The main axis - (1) upon receiving this movement of the dynamotor (12) transmits movement to the crowns (10) and (14) configured as crazy intermediaries located on the side of the alternator, engaging with the output crowns (9) and

(19) of the main alternator (15).

Once the rotation of the rotors (2) and (20) has been set at the desired revolutions by the coils (6) and (6 '), the disconnection of the dynamotor (12) occurs, passing this same dynamotor to become an electric generator, together with the main alternator (15), thus creating free energy to use.

In the main rotors (2) and (20) to avoid friction, the incorporation and installation of the electromagnets (7) and (7 ') in the upper part, configured as two couples and as many pairs in the lower part referenced, have been planned. with (37) and (37 ') that are responsible for levitating the entire central assembly.

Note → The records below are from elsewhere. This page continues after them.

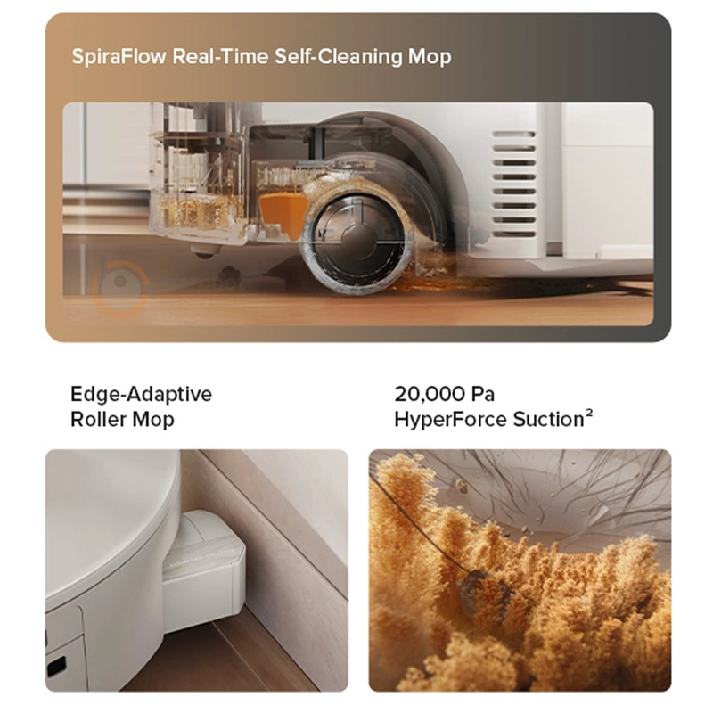 قدرت مکش ۲۰۰۰۰ پاسکال این ربات، حتی کوچکترین گردوغبار، پرز فرش و موهای حیوانات را جمعآوری میکند.
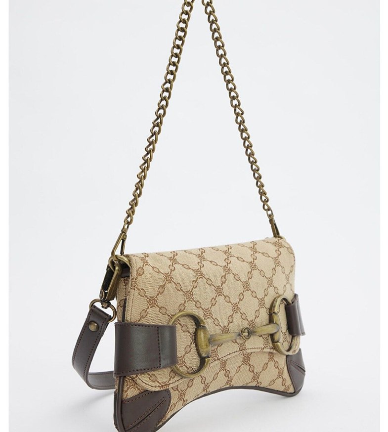 Bej Süet Zincir Detaylı Kadın Çanta
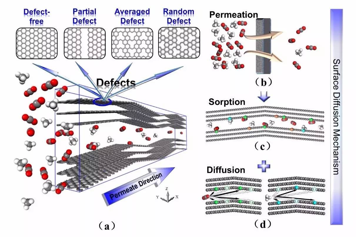 工作亮點:向炭膜微孔中引入不同形式的缺陷,建立了更加接近炭膜孔結構的物理模型,并基于表面擴散機理對混合氣的分離進行分子層面的計算機模擬,通過與實驗結果對比來確定更加合理的微孔缺陷方式,研究工作有較好的創新性。圖為:具有不同缺陷形式的Z字形炭膜微孔模型[圖(a)],炭膜分離CO2/CH4混合氣示意圖[圖(b)],混合氣在炭膜中的競爭吸附現象[圖(c)] ,炭膜孔壁缺陷對氣體擴散的影響[圖(d)]。
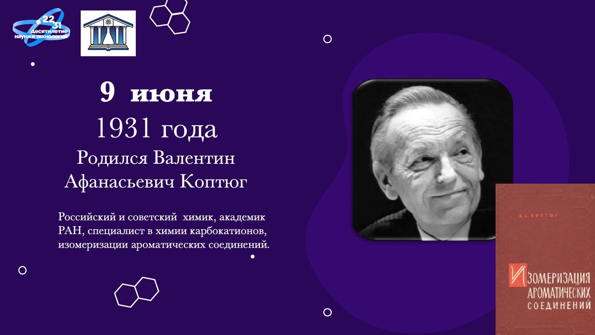 94 года назад в Юхнове Калужской области родился выдающийся химик и академический деятель, Валентин Афанасьевич Коптюг (1931-1997). Коптюг связал свою жизнь с Новосибирском - тамошним Институтом органической химии, где занимался изучением строения и свойств карбокатионов, изомеризации органических соединений, аренониевых ионов и много другого. Был академиком, вице-президентом РАН и главой Сибирского отделения РАН. Увы, он прожил для ученого очень мало: 66 лет. #деньвисториихимии Материал подготовлен ИОНХ РАН для проекта «Виртуальный музей химии: продолжение осмотра» при грантовой поддержке Минобрнауки России в рамках федерального проекта «Популяризация науки и технологий». Проект выполняется в рамках Десятилетия науки и технологий

The spherical masses (5) and (5 ') located on the periphery of the rotors (2) and (20) are responsible for entering the magnetic fields produced by the coils (6) and (6 "), to displace the rotors (2) ^' and (20), producing these movements in mass pentagon with 90 ° angles and cosines of pi of 40 °, 5 producing a perfect turn and the use in all of its inertia.

Both the dynamotor (12) and the alternator (15) are provided with two fixing plates e

10. inertia (16), planned for the installation of the two electromagnets (17) and (17 '), which in turn work faced by the two electromagnets (18) and (18), which in turn are responsible for levitate the alternator (15) and the dynamotor (12).

fifteen

As a consequence, both in the rotors (2) and (0) and in the lower fixing plates (16) and (16 ') ,. when the electromagnets (17) and (17 ') are installed,' as well as those referenced with (18) and (18 ') are

20 produce repulsive forces, which cause both the rotors (2) and (20) and the dynamotor (12) and the alternator (15) to levitate, picking up the fundamental Law of gravity.

In summary, the movement of the main rotors (2) and (20) that are responsible for producing sufficient inertia on the alternators

(15) and the dynamotor (12), generate a usable movement transforming it into electrical energy.

30

. ^• The invention presents the possibility of adding or reducing elements to the machine itself, according to the calculation of energy that is made.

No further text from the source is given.